The fight to boost global well-being

Many projects and products are helping to improve the lives of people in the world’s most vulnerable nations. Several of them were discussed at Responsible Innovation to Improve Global Well-Being.

The seminar was held in the Sports & Culture building on November 11, 2016 and it honoured the doctoral defence of Industrial Design Engineering student Annemarie Mink. Her thesis analysed the complications that designers face while they adapt their products for users in regions impacted by limited resources or other complications. The seminar featured members of her defence committee, each of whom addressed the ambitious efforts of innovators, medical personnel and others.

Among them was Dr. Mugendi M’Rithaa from South Africa’s Cape Peninsula University of Technology who led a presentation titled ‘Socially Responsible Design in Africa.’ He discussed several obstacles that are hindering progress across the continent. Everything from tedious bureaucratic procedures to global climate change can slow down designers.

Despite these roadblocks, Dr. M’Rithaa said that many innovative businesses have emerged across Africa in recent years. One example is Enda Athletic, a company in Kenya that’s celebrating the nation’s history of sporting while it develops world-class running shoes. A device that can charge electronics after being connected to a bicycle is just one of the products being developed by IDESO, a specialist design consultancy based in South Africa. Throughout his presentation, Dr. M’Rithaa used several classical African proverbs to further emphasise his points.

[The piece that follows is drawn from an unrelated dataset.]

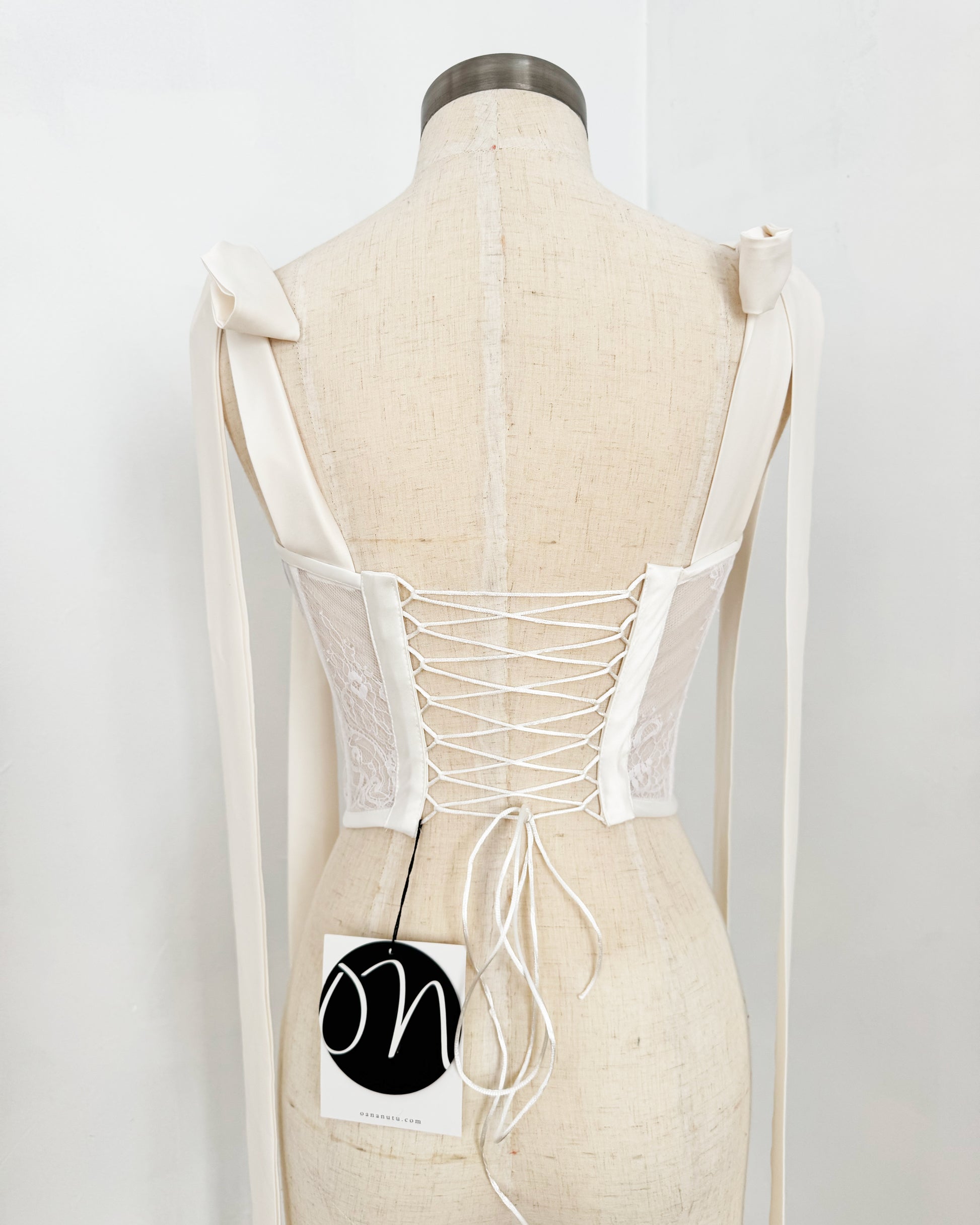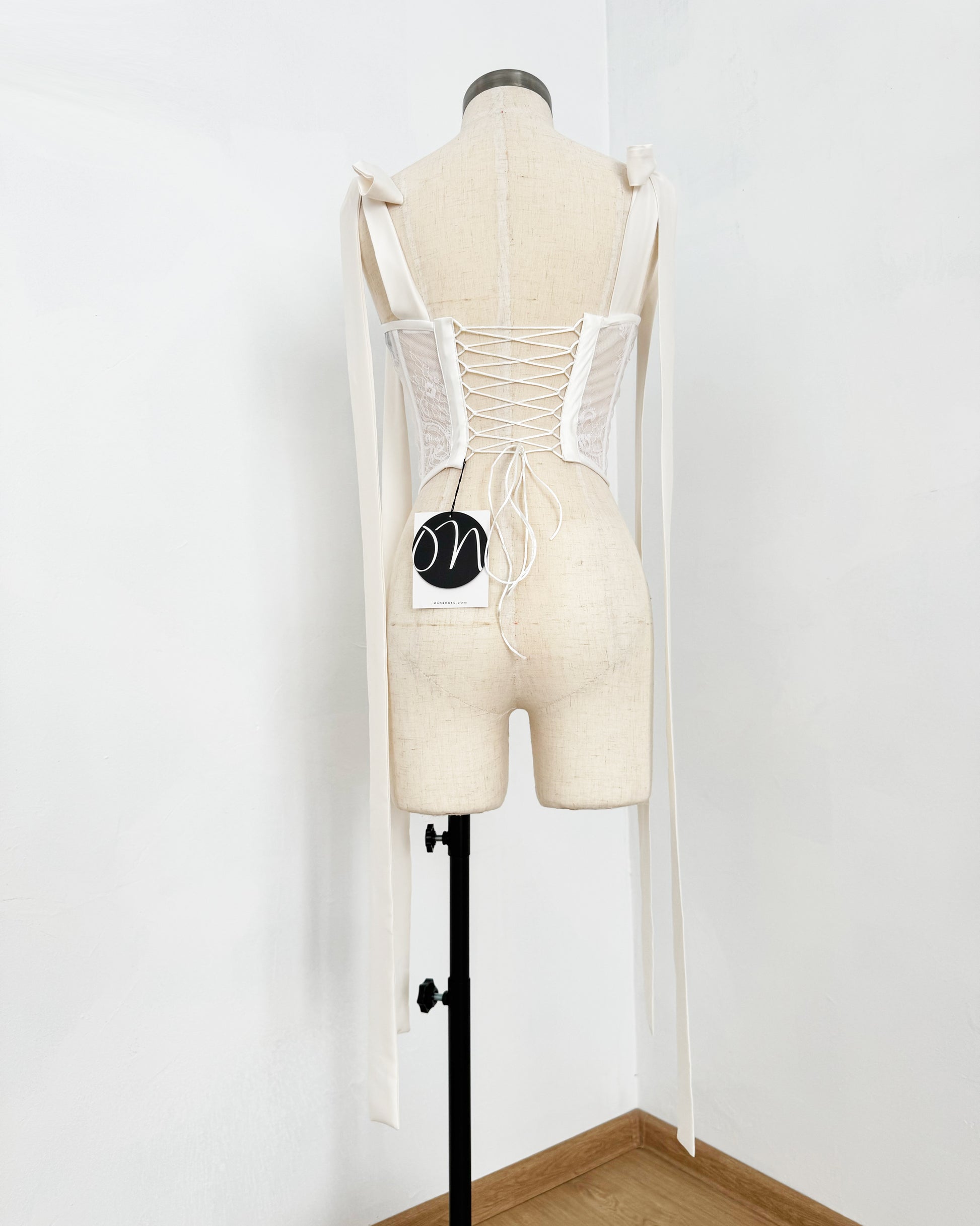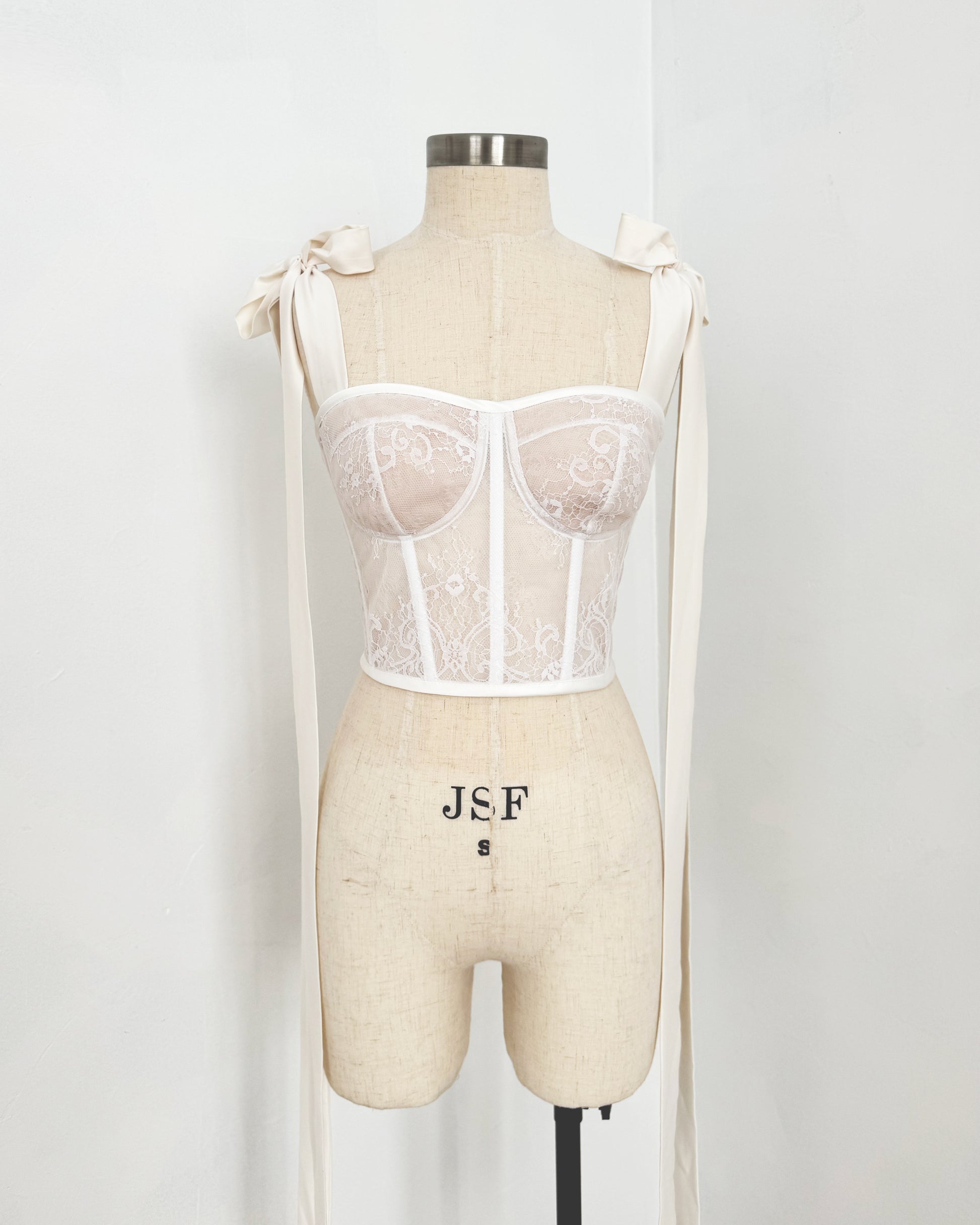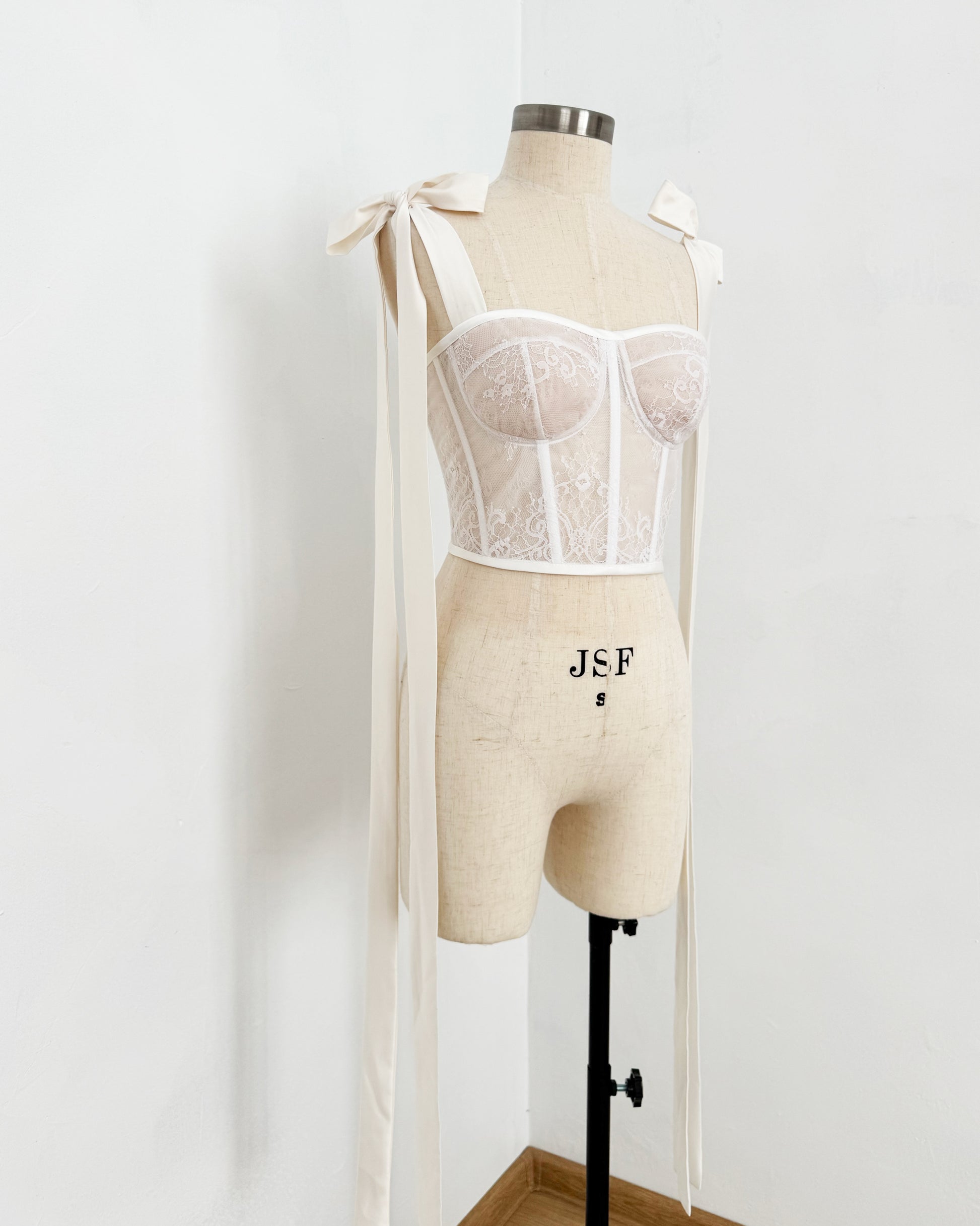Adjustable shoulder straps in an intense red tone are finished with feminine ties, allowing for a customizable fit while reinforcing the romantic aesthetic of the piece.

“A razor is sharp,” he said while discussing the need for many nations to improve how they use their economic resources. “But it can’t cut a tree like an ax.”

Dr. Ria Reis from the University of Amsterdam also led ‘Context, Culture, Health and Well-Being’, a presentation that covered the problems medical professionals face in some parts of Africa. Regional politics, cultural differences and religious beliefs often interfere with efforts to treat patients or create new medical devices.

“For example, let’s say that you want to design a child-friendly asthma inhaler,” she said. “You’ll conduct research with children and their parents. When you speak with the parents, you have to conclude if you’re talking to an individual or someone who is being heavily influenced by the groups around them.”